Soft tissue sarcomas (STS) are a highly heterogeneous group of rare malignant solid tumors. Non-rhabdomyosarcoma soft tissue sarcomas (NRSTS) comprise all STS except rhabdomyosarcoma. In patients with advanced local or metastatic disease, autologous hematopoietic stem cell transplantation (HSCT) applied after high-dose chemotherapy (HDCT) is a planned rescue therapy for HDCT-related severe hematologic toxicity. The rationale for this update is to determine whether any randomized controlled trials (RCTs) have been conducted and to clarify whether HDCT followed by autologous HSCT has a survival advantage.

To assess the effectiveness and safety of HDCT followed by autologous HSCT for all stages of non-rhabdomyosarcoma soft tissue sarcomas (NRSTS) in children and adults.

For this update we modified the search strategy to improve the precision and reduce the number of irrelevant hits. All studies included in the original review were considered for re-evaluation in the update. We searched the electronic databases CENTRAL (2012, Issue 11) in The Cochrane Library , MEDLINE and EMBASE (05 December 2012) from their inception using the newly developed search strategy. Online trials registers and reference lists of systematic reviews were searched.

Terms representing STS and autologous HSCT were required in the title or abstract. In studies with aggregated data, participants with NRSTS and autologous HSCT had to constitute at least 80% of the data. Single-arm studies were included in addition to studies with a control arm because the number of comparative studies was expected to be very low.

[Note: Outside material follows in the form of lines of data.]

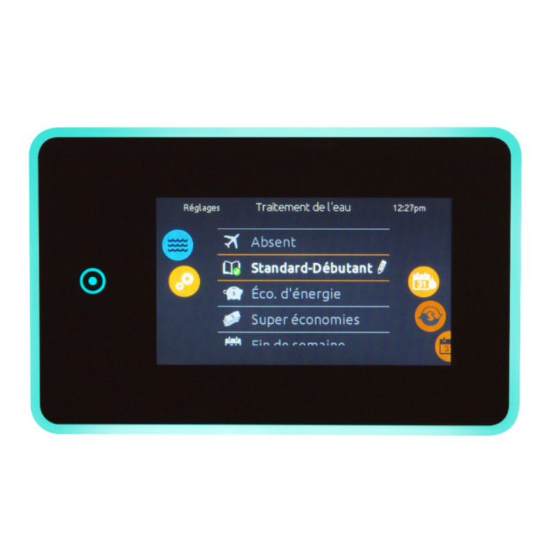 El teclado táctil interactivo Gecko in.k1001 redefine la experiencia de usuario en el spa, sustituyendo los botones tradicionales por una pantalla capacitiva a color de alta resolución. Con una interfaz intuitiva similar a la de un smartphone, este panel permite un control total y fluido sobre todas las funciones del hidromasaje: desde la gestión precisa de la temperatura y los ciclos de filtración, hasta el control de sistemas periféricos como el audio in.stream 2, la desinfección in.clear y la iluminación cromática. Su diseño robusto y completamente estanco está optimizado para responder perfectamente incluso con los dedos húmedos, convirtiéndolo en el centro de mando más avanzado para spas de gama premium que buscan el máximo confort y modernidad.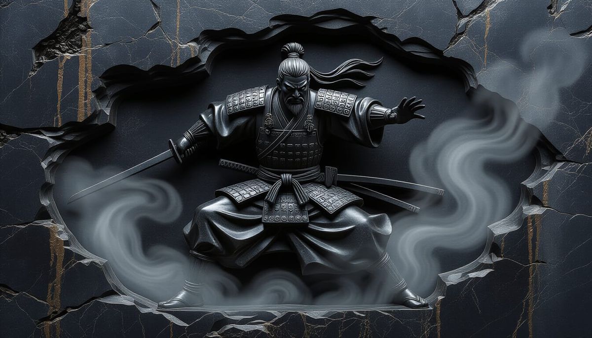 This image shows a powerful ronin warrior carved in bas-relief. The black onyx stone carving features deep, dramatic textures and an ethereal mist, rendered in a red and black color scheme.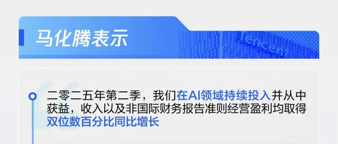 Previously, Ma Huateng emphasized, "In the second quarter, we continued to invest in AI and reaped the benefits."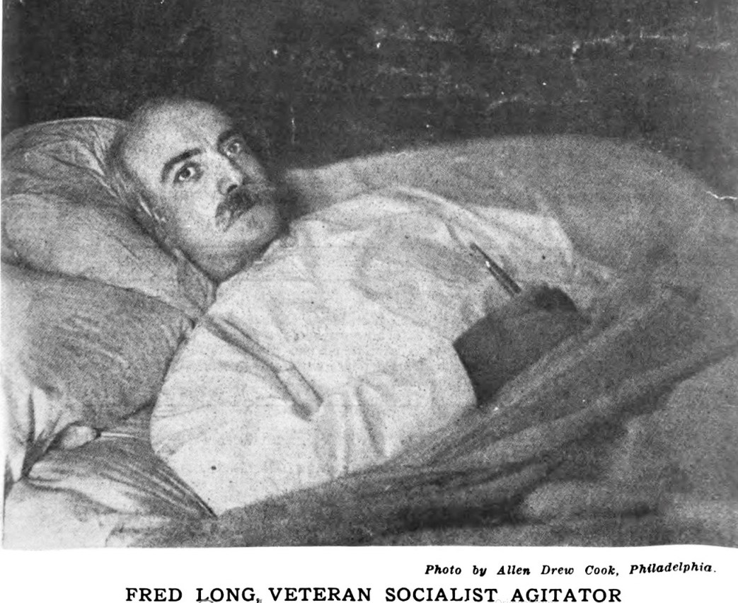 Fred still remains with us. He is broken in body, his magnificent, powerful voice may no longer resound through our council chambers. Those who would commune with him must gather at his bed side, as the youth of ancient days gathered about the feet of Socrates and Jesus. The warrior in him has been tempered by the philosopher. No one can read Bobby Burns and Mr. Dooley with such relish as he can. He is keenly sensitive to all that is going on in contemporary thought. He understands the labor and Socialist movements in their many ramifications. His unusually well-stored mind is fertile with suggestions for cartoons, editorials and tactical measures. He has the same glowing optimism he had when as a stripling, thirty-four years ago, he joined the labor movement. He has struck many a spark from the anvil of truth and carried on high the torch of knowledge, of solidarity, of revolution. He has translated the language of Socialist theory into the American vernacular; he has fashioned the profoundest of Socialist principles into terms of American usage, in spirit with the psychology of the American people. His years have been well spent. He smiles upon death.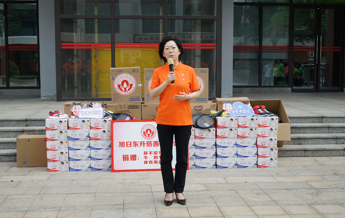 紧接着,海口市社会福利院院长唐凤英致辞。她首先感谢征途国际药业集团、旭日东升慈善基金会7年来,对海口市社会福利院的持续关注和无私帮助。她特别提到,2022年由征途国际药业集团捐资建设的“爱·护”项目医护隔离观察区,帮助福利院的孩子们渡过了疫情防控的难关。今年,熟悉的征途国际人又来到了福利院陪伴孩子们,给予了这里的小朋友们爱的力量。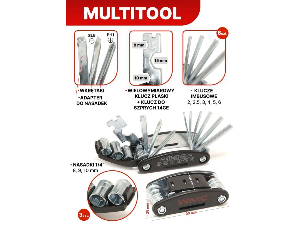 - 6 imbuszkulcs (méretek: 2, 2.5, 3, 4, 5, 6).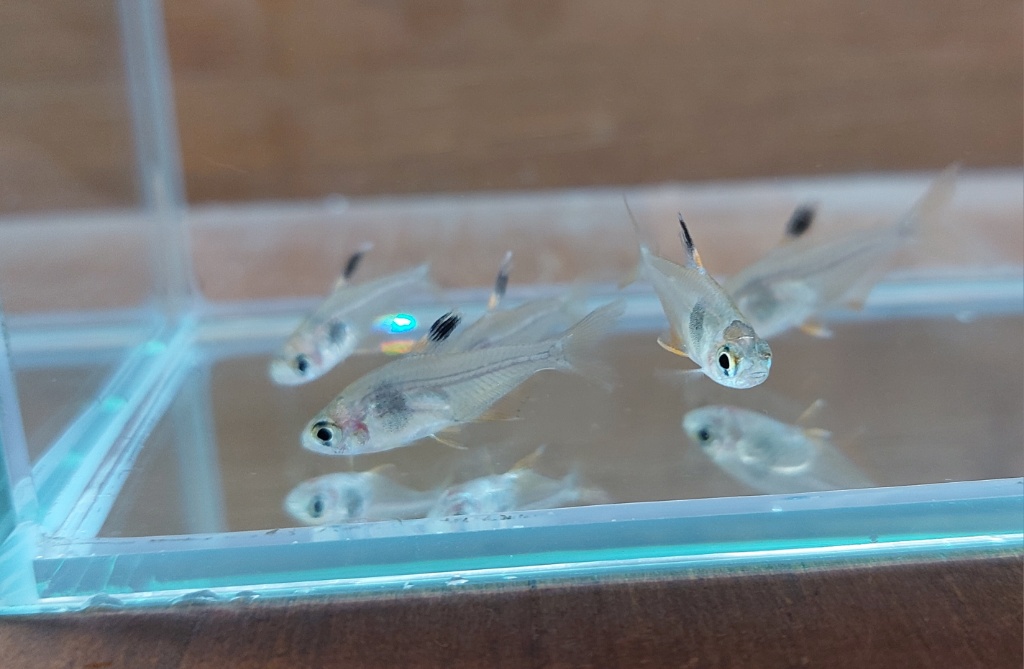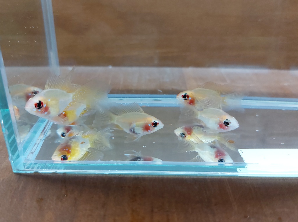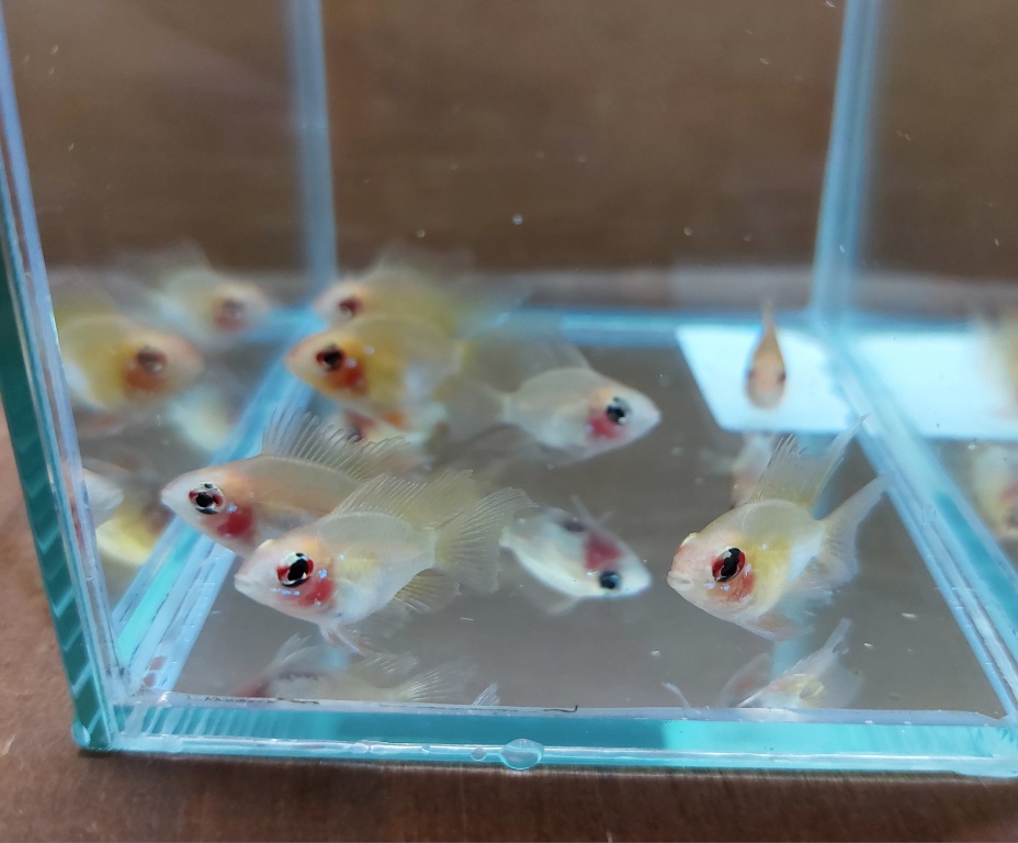 透明鱗+ショートボディ+黄変のラミレジィ。中にいくつかロングフィンの個体も!

Two review authors independently extracted study data. Some studies identified in the original review were re-examined and found not to meet the inclusion criteria and were excluded in this update. For studies with no comparator group, we synthesized the results for studies reporting aggregate data and conducted a pooled analysis of individual participant data using the Kaplan-Meyer method. The primary outcomes were overall survival (OS) and treatment-related mortality (TRM).

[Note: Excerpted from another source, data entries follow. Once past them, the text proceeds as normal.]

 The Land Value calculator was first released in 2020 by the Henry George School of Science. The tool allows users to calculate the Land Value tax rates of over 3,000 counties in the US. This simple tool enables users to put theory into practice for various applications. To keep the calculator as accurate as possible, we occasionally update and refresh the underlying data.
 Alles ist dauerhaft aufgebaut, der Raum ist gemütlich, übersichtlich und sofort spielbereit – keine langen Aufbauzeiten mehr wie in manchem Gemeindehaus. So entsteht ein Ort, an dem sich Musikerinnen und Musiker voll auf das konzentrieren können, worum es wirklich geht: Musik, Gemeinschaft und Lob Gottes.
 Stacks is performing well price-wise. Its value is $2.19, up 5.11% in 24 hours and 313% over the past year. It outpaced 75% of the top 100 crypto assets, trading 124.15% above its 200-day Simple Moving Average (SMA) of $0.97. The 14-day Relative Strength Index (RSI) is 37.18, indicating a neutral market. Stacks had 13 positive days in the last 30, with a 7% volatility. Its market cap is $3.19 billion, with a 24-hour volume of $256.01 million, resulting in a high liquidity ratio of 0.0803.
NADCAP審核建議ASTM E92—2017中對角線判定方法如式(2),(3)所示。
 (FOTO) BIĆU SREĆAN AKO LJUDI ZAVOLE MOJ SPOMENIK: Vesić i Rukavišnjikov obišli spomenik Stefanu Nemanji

The selection process was carried out from the start of the search dates for the update. We included 57 studies, from 260 full text articles screened, reporting on 275 participants that were allocated to HDCT followed by autologous HSCT. All studies were not comparable due to various subtypes. We identified a single comparative study, an RCT comparing HDCT followed by autologous HSCT versus standard chemotherapy (SDCT). The overall survival (OS) at three years was 32.7% versus 49.4% with a hazard ratio (HR) of 1.26 (95% confidence interval (CI) 0.70 to 2.29, P value 0.44) and thus not significantly different between the treatment groups. In a subgroup of patients that had a complete response before treatment, OS was higher in both treatment groups and OS at three years was 42.8% versus 83.9% with a HR of 2.92 (95% CI 1.1 to 7.6, P value 0.028) and thus was statistically significantly better in the SDCT group. We did not identify any other comparative studies. We included six single-arm studies reporting aggregate data of cases; three reported the OS at two years as 20%, 48%, and 51.4%. One other study reported the OS at three years as 40% and one further study reported a median OS of 13 months (range 3 to 19 months). In two of the single-arm studies with aggregate data, subgroup analysis showed a better OS in patients with versus without a complete response before treatment. In a survival analysis of pooled individual data of 80 participants, OS at two years was estimated as 50.6% (95% CI 38.7 to 62.5) and at three years as 36.7% (95% CI 24.4 to 49.0). Data on TRM, secondary neoplasia and severe toxicity grade 3 to 4 after transplantation were sparse. The one included RCT had a low risk of bias and the remaining 56 studies had a high risk of bias.

A single RCT with a low risk of bias shows that OS after HDCT followed by autologous HSCT is not statistically significantly different from standard-dose chemotherapy. Therefore, HDCT followed by autologous HSCT for patients with NRSTS may not improve the survival of patients and should only be used within controlled trials if ever considered.